#### Dataset section
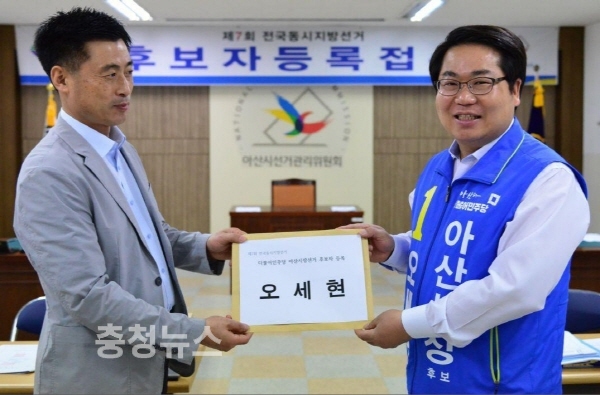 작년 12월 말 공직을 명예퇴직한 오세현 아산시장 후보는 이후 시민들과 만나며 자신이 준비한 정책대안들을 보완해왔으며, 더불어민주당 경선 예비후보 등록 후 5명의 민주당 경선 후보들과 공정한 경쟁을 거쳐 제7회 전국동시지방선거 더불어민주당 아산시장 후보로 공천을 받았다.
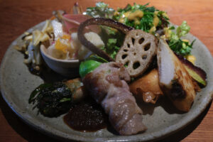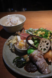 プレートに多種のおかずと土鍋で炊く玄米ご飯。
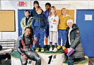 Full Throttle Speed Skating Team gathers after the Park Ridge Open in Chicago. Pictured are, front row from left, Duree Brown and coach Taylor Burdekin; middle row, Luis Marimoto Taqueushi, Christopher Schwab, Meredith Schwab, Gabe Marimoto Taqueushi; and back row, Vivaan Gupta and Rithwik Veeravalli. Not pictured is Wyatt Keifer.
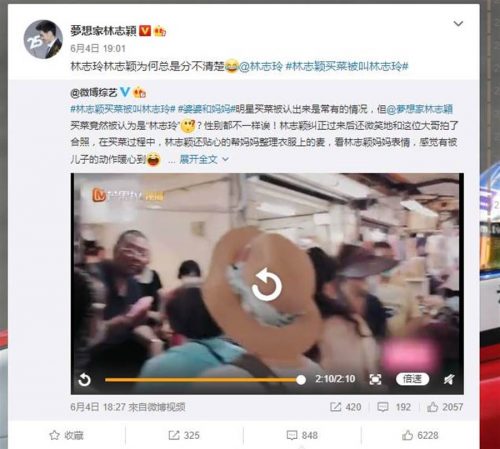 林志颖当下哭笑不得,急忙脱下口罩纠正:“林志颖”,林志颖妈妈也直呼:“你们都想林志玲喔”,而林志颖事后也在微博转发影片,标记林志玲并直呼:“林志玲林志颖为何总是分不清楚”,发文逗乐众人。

#### Exercise aim
The pictures should be dropped, and every line above should be set down again exactly.

#### Answer for the task
 작년 12월 말 공직을 명예퇴직한 오세현 아산시장 후보는 이후 시민들과 만나며 자신이 준비한 정책대안들을 보완해왔으며, 더불어민주당 경선 예비후보 등록 후 5명의 민주당 경선 후보들과 공정한 경쟁을 거쳐 제7회 전국동시지방선거 더불어민주당 아산시장 후보로 공천을 받았다.
 プレートに多種のおかずと土鍋で炊く玄米ご飯。
 Full Throttle Speed Skating Team gathers after the Park Ridge Open in Chicago. Pictured are, front row from left, Duree Brown and coach Taylor Burdekin; middle row, Luis Marimoto Taqueushi, Christopher Schwab, Meredith Schwab, Gabe Marimoto Taqueushi; and back row, Vivaan Gupta and Rithwik Veeravalli. Not pictured is Wyatt Keifer.
 林志颖当下哭笑不得,急忙脱下口罩纠正:“林志颖”,林志颖妈妈也直呼:“你们都想林志玲喔”,而林志颖事后也在微博转发影片,标记林志玲并直呼:“林志玲林志颖为何总是分不清楚”,发文逗乐众人。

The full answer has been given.